PyTorch Sparse Linear Algebra - Differentiable sparse solvers with CUDA support

Project description

torch-sla logo

torch-sla

PyTorch Sparse Linear Algebra - A differentiable sparse linear equation solver library with multiple backends.

arXiv GitHub Documentation PyPI version License: Apache 2.0 Python 3.8+

📖 Introduction🔧 Installation📚 API Reference💡 Examples📊 Benchmarks

Features

  • 🔥 Differentiable: Full gradient support through torch.autograd
  • 🚀 Multiple Backends: SciPy, Eigen (CPU), CuPy, cuDSS, PyTorch-native (CUDA)
  • 📦 Batched Operations: Support for batched sparse tensors [..., M, N, ...]
  • 🎯 Property Detection: Auto-detect symmetry and positive definiteness
  • High Performance: Auto-selects best solver based on device, dtype, and problem size
  • 🌐 Distributed: Domain decomposition with halo exchange (CFD/FEM style)
  • 🔧 Easy to Use: SparseTensor class with solve, norm, eigs methods
  • 🧮 Nonlinear Solve: Adjoint-based Newton/Anderson solvers with implicit differentiation

Installation

# Basic installation
pip install torch-sla

# GPU users: choose one or both CUDA 12+ backends
pip install torch-sla[cupy]    # + CuPy backend
pip install torch-sla[cudss]   # + cuDSS backend (fastest direct solver on GPU)

# Full installation with all runtime backends (does not include dev/docs)
pip install torch-sla[all]

# From source (for development)
git clone https://github.com/walkerchi/torch-sla.git
cd torch-sla
pip install -e ".[dev]"     # development tools (pytest, black, isort, mypy)
pip install -e ".[docs]"    # documentation tools (sphinx, furo)

Note: The core install (pip install torch-sla) pulls in torch, numpy, scipy, and ninja — enough to run CPU solvers out of the box. torch-sla[all] additionally bundles pytest, nvmath-python, and cupy-cuda12x, but does not include [dev] or [docs] — install those separately if needed.

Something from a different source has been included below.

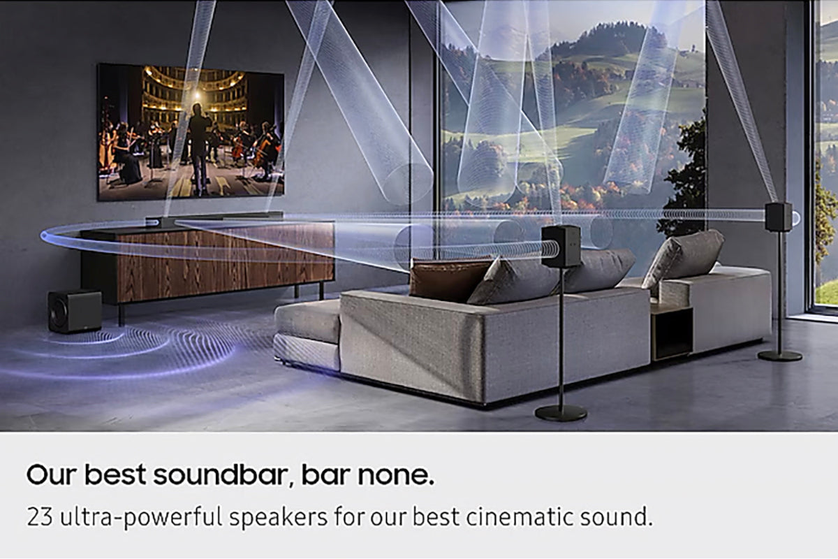 Experience immersive, crystal-clear surround sound. 17 speakers—expertly tuned by the award-winning Samsung Audio Lab—deliver rich, powerful audio that brings every scene to life. With 4 up-firing speakers you’ll feel like you’re right in the action, no matter what you’re watching.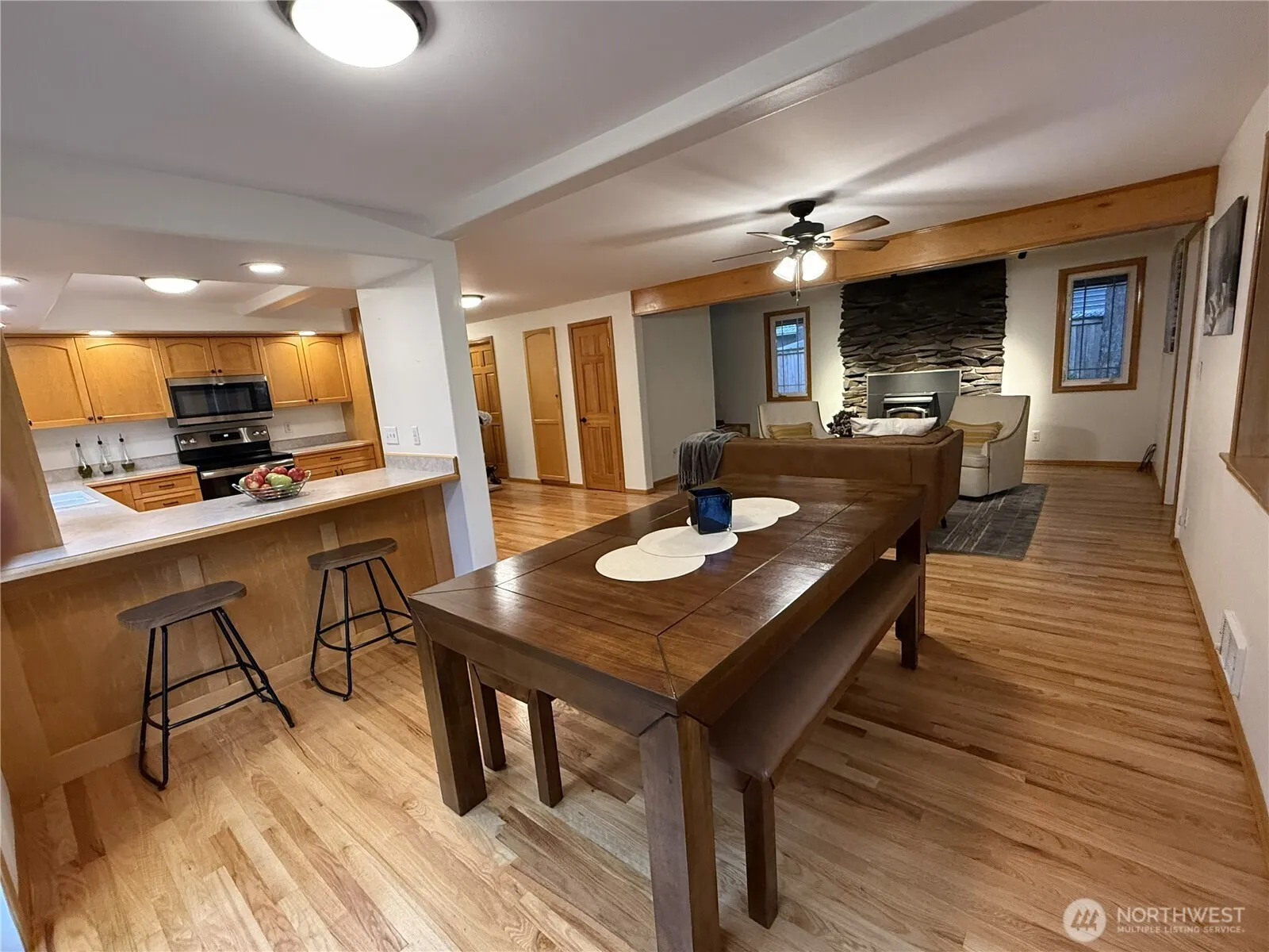 Welcome to this charming craftsman home on just over .25 acres in the community of Riverbend in North Bend. The property boasts large mature trees that give you the feeling of being connected to the land. A newly added garden bed is a perfect canvas to start planting for this season. Driveway, recently re-graded, offers ample parking. It’s roughly a 5 minute walk to the S.V.T trail for easy access to Rattlesnake or downtown N.B/Snoqualmie. This is truly a community to live and play all in one place! This extensively remodeled home in the late 1990s was done with care and quality boosting many timeless finishes. The French doors off the dining room to the expansive deck further connect you to the outdoors with ample space for entertaining guests. The kitchen has space for storage and enough room for more than one cook making it easy when hosting gatherings. The primary suit offers sanctuary with a large bedroom and complete 5 piece bath with new bidet. Additional rooms upstairs offer flexibility for family or space for home office. Come see for yourself all this community and home have to offer!

After installation, you can inspect which backends are available on your machine:

import torch_sla
torch_sla.show_backends()

Quick Start

Basic Solve

import torch
from torch_sla import SparseTensor

# Create sparse matrix from dense (for small matrices)
dense = torch.tensor([[4.0, -1.0,  0.0],
                      [-1.0, 4.0, -1.0],
                      [ 0.0, -1.0, 4.0]], dtype=torch.float64)
A = SparseTensor.from_dense(dense)

# Solve Ax = b
b = torch.tensor([1.0, 2.0, 3.0], dtype=torch.float64)
x = A.solve(b)

# Specify backend and method
x = A.solve(b, backend='scipy', method='lu')

CUDA Solve

# Move to CUDA
A_cuda = A.cuda()
b_cuda = b.cuda()

# Auto-selects cudss+cholesky (best for CUDA)
x = A_cuda.solve(b_cuda)

# Or explicitly specify
x = A_cuda.solve(b_cuda, backend='cudss', method='cholesky')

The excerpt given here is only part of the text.